Here we are again with the boxes and the sketch models. I already did the “Kee Yong doesn’t like Foundation 3D” joke in my previous post, so let’s skip right to the meat.
It turns out we have to do some drawings analyzing our three-dimensional sketch models — measuring the proportions, pointing out the principal axes, and so on. Here are the sketch models for my two previous models, “Diver” and “Stack.”
Here you can see I tried to stay within the guideline of having all the principal axes of the boxes at right angles — even with “Stack.” The boxes are haphazardly arranged, but when you break it down, they’re still fairly stable in relation to the base.

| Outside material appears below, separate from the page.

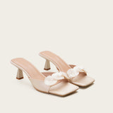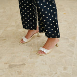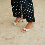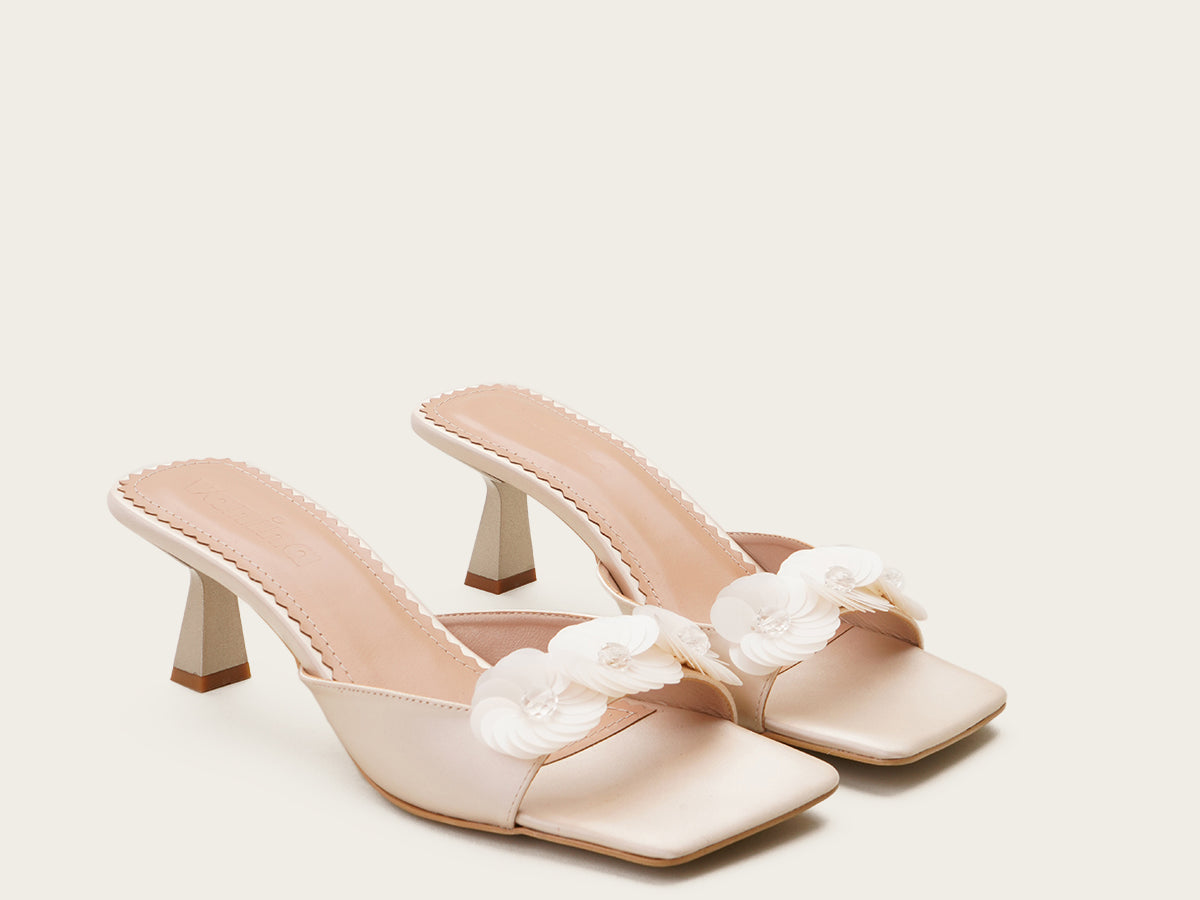 A layer of softness is added to your outfit with these eye-catching sandals. The 'fleurs de lune' sit comfortably on a low structured heel with dazzling floral embellishments on the front strap.

Then Cheryl gave me the go-ahead to have a diagonal angle, and everything changed.
Sketch Model 3: “ZING”
My third and final model is essentially a variation on “Stack” but with the subdominant and subordinate boxes at an angle from the dominant. This means the upper half of the model is no longer stable. It’s sort of falling, suspended only by a precarious support. All in all, it screams ZING much better than my first two attempts.
You’ll notice that unlike the first two sketch models, this one is done up in fancy colors. This is because Cheryl wanted us to use a different material for our final submission. I opted to stick with the foam blocks in the 3D workshop, but add bright acrylic paint and crazy lines to break up the form of the boxes. Using foam blocks also meant that I could easily cut and refine them to the volumes I wanted, instead of falling back on prefabricated objects. (Unfortunately, it transpires that I am not very good at painting — please disregard the extremely messy white coating and the obviously ragged lines.)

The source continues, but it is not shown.